Work request
Make a verbatim copy of the entries below; pictures stay out.

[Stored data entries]
=== Begin Enclosure ===

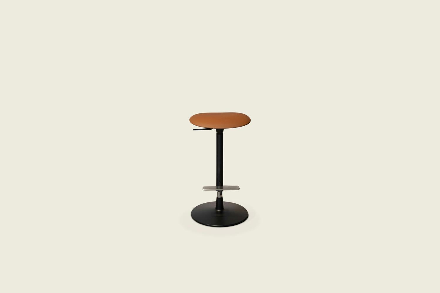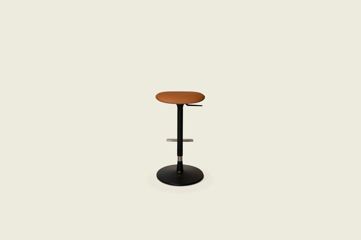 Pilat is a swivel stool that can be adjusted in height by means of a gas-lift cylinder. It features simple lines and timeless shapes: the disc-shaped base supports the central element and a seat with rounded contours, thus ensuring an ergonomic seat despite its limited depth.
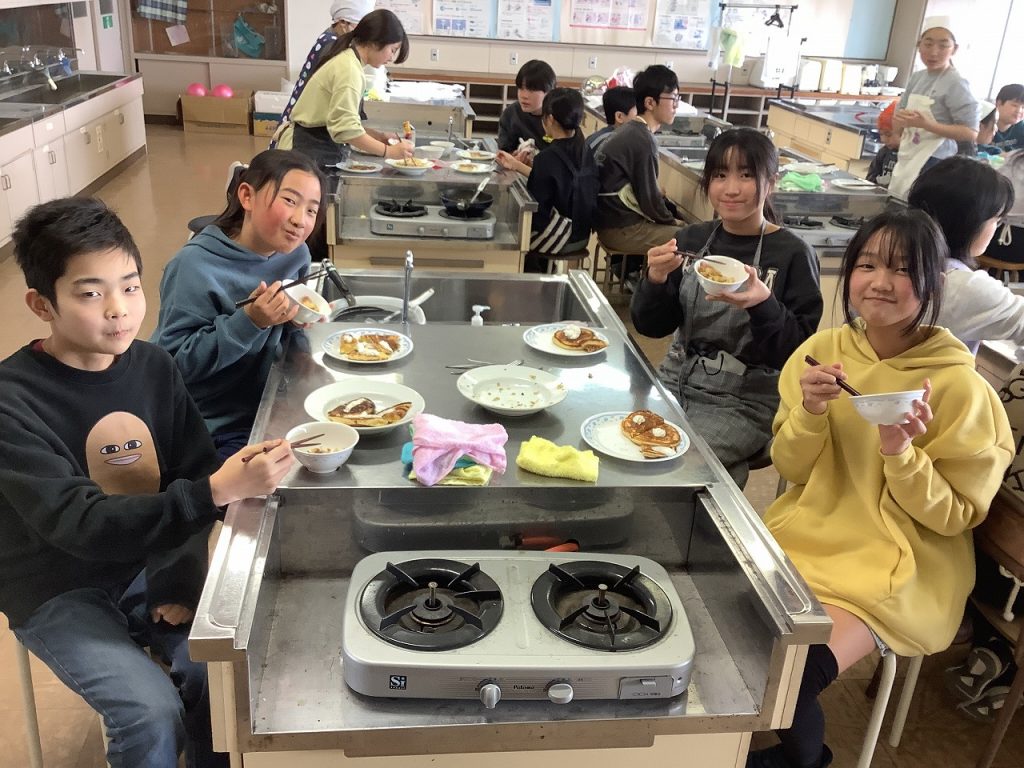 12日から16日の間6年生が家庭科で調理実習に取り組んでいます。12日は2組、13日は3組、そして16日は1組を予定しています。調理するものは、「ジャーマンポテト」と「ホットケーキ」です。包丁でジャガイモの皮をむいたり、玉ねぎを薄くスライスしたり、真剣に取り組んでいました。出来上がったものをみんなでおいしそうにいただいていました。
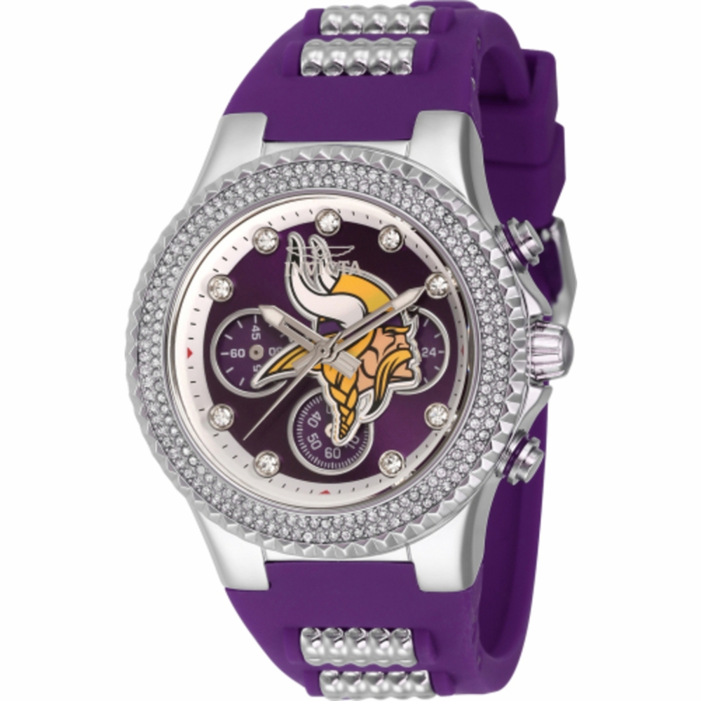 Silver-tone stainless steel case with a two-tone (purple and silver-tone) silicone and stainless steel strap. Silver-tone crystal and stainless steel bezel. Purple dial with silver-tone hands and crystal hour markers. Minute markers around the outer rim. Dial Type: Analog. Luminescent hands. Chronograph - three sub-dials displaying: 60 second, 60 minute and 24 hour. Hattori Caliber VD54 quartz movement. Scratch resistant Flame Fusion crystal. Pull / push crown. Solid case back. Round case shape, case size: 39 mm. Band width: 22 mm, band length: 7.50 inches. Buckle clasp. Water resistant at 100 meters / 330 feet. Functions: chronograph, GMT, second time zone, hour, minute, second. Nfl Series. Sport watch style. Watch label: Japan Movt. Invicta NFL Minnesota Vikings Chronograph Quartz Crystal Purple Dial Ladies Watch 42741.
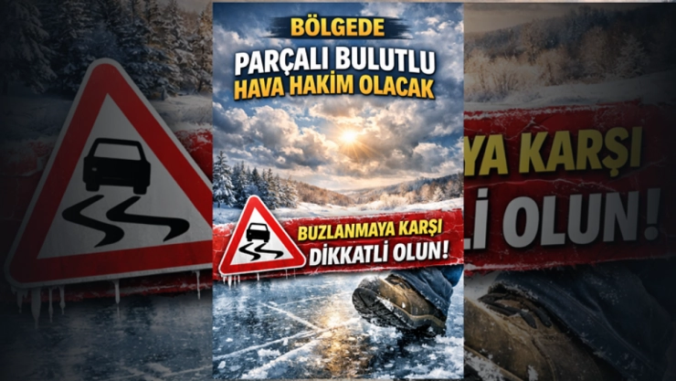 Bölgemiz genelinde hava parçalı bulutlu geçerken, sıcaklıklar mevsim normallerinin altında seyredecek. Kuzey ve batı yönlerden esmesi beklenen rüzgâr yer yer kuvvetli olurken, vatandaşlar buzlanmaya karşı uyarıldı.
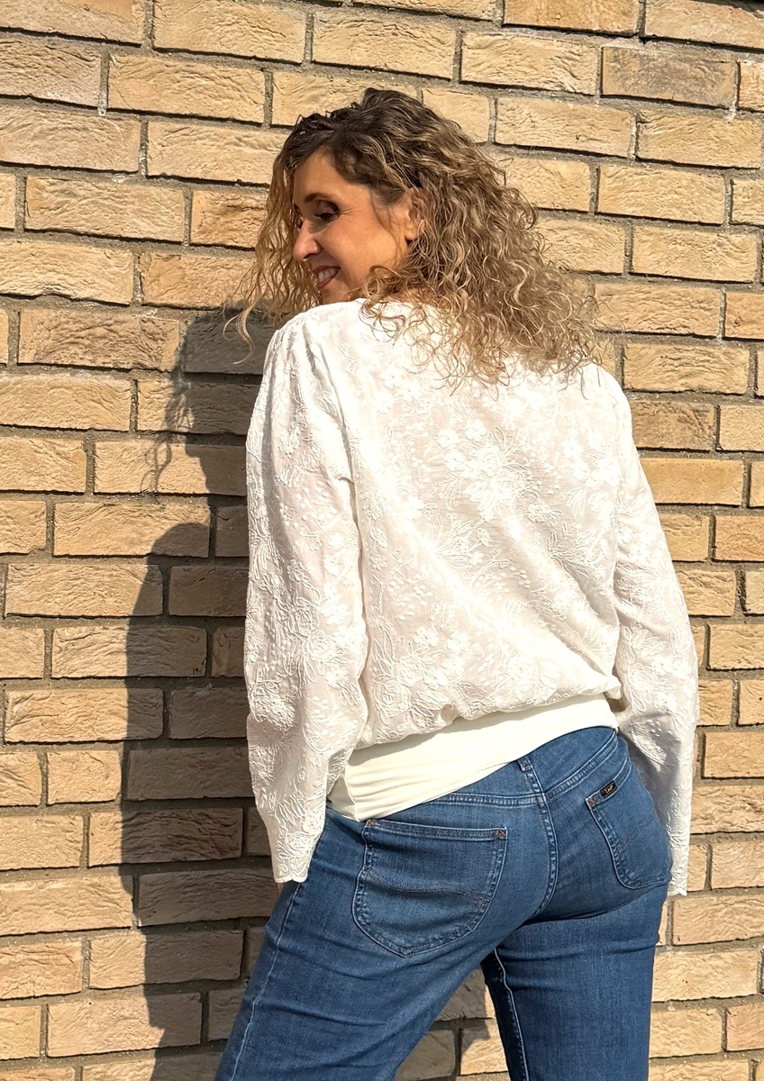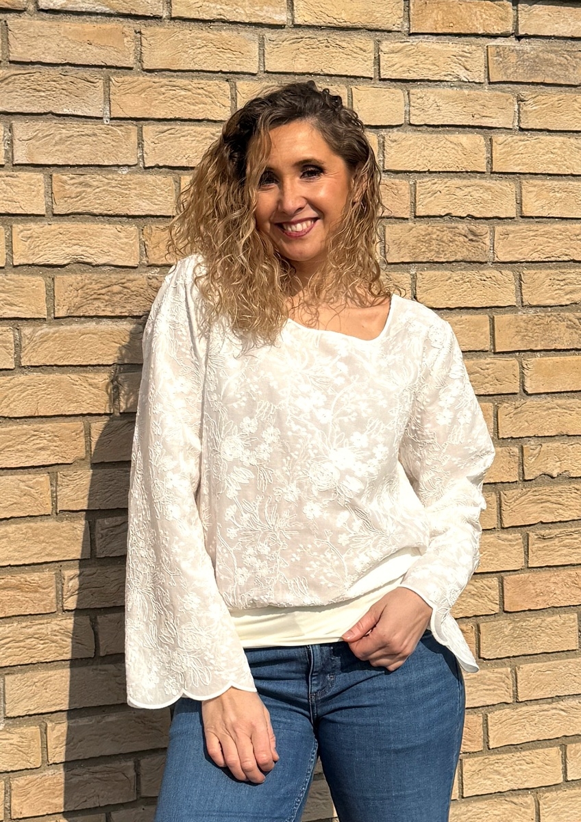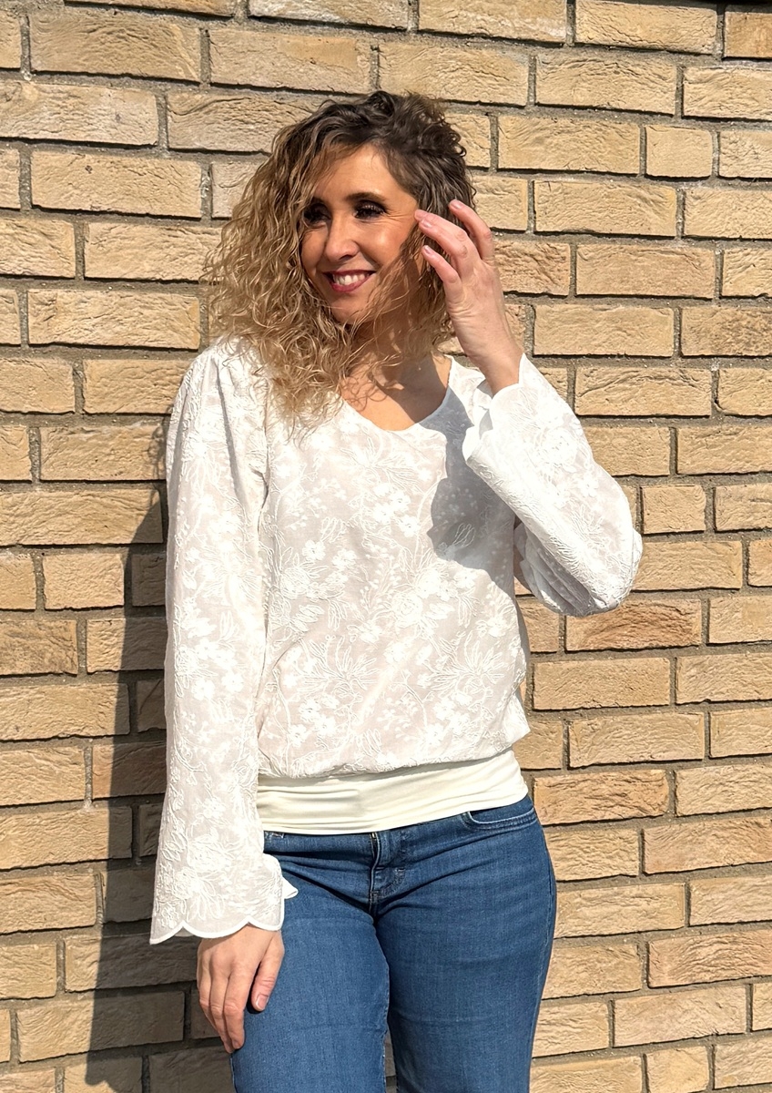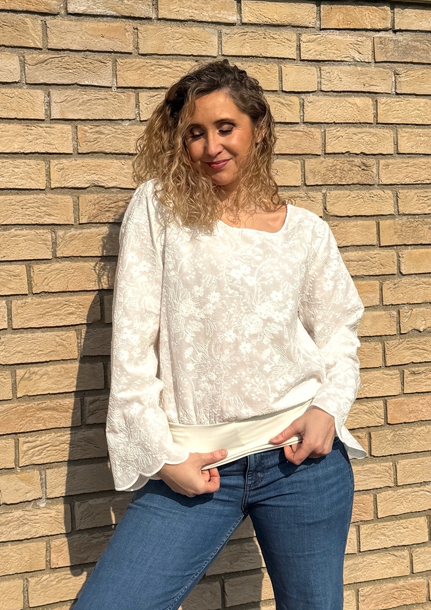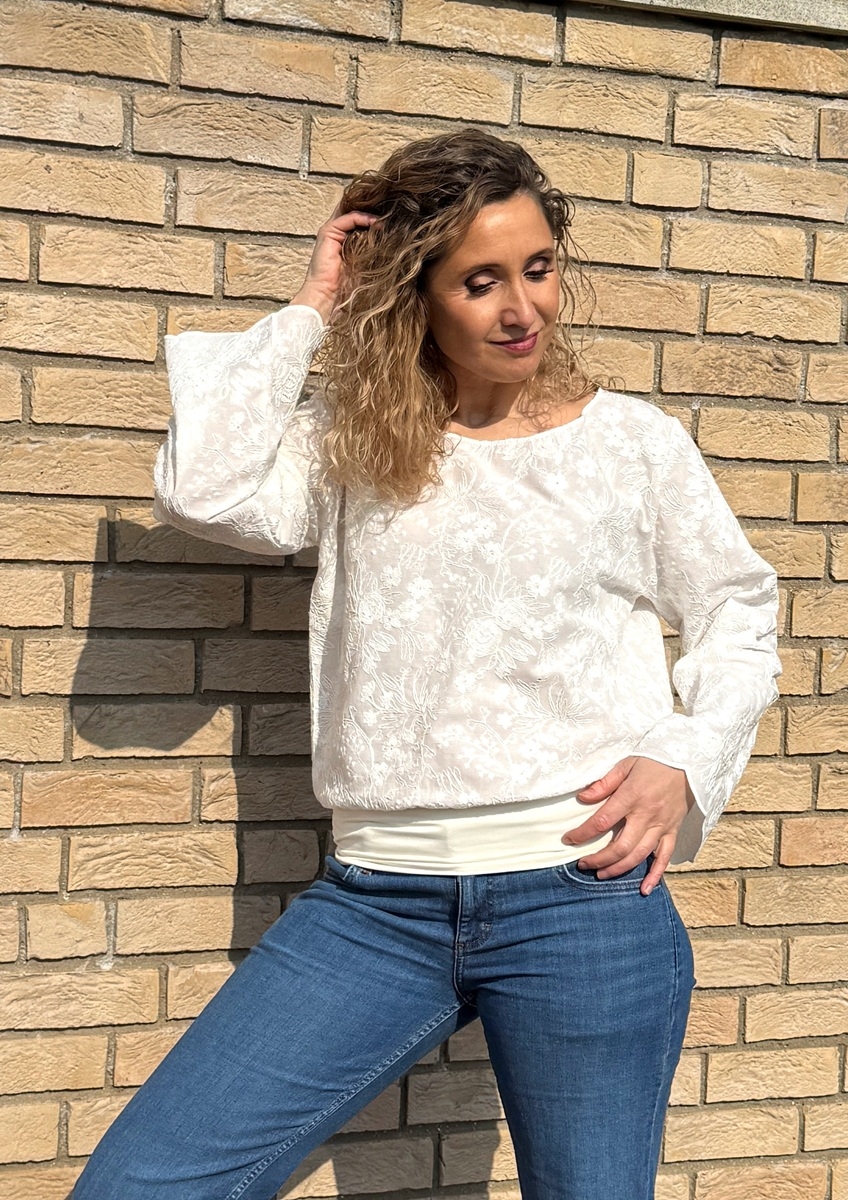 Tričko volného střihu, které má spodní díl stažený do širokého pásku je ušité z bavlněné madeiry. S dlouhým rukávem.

=== End Enclosure ===

Answer box
 Pilat is a swivel stool that can be adjusted in height by means of a gas-lift cylinder. It features simple lines and timeless shapes: the disc-shaped base supports the central element and a seat with rounded contours, thus ensuring an ergonomic seat despite its limited depth.
 12日から16日の間6年生が家庭科で調理実習に取り組んでいます。12日は2組、13日は3組、そして16日は1組を予定しています。調理するものは、「ジャーマンポテト」と「ホットケーキ」です。包丁でジャガイモの皮をむいたり、玉ねぎを薄くスライスしたり、真剣に取り組んでいました。出来上がったものをみんなでおいしそうにいただいていました。
 Silver-tone stainless steel case with a two-tone (purple and silver-tone) silicone and stainless steel strap. Silver-tone crystal and stainless steel bezel. Purple dial with silver-tone hands and crystal hour markers. Minute markers around the outer rim. Dial Type: Analog. Luminescent hands. Chronograph - three sub-dials displaying: 60 second, 60 minute and 24 hour. Hattori Caliber VD54 quartz movement. Scratch resistant Flame Fusion crystal. Pull / push crown. Solid case back. Round case shape, case size: 39 mm. Band width: 22 mm, band length: 7.50 inches. Buckle clasp. Water resistant at 100 meters / 330 feet. Functions: chronograph, GMT, second time zone, hour, minute, second. Nfl Series. Sport watch style. Watch label: Japan Movt. Invicta NFL Minnesota Vikings Chronograph Quartz Crystal Purple Dial Ladies Watch 42741.
 Bölgemiz genelinde hava parçalı bulutlu geçerken, sıcaklıklar mevsim normallerinin altında seyredecek. Kuzey ve batı yönlerden esmesi beklenen rüzgâr yer yer kuvvetli olurken, vatandaşlar buzlanmaya karşı uyarıldı.
 Tričko volného střihu, které má spodní díl stažený do širokého pásku je ušité z bavlněné madeiry. S dlouhým rukávem.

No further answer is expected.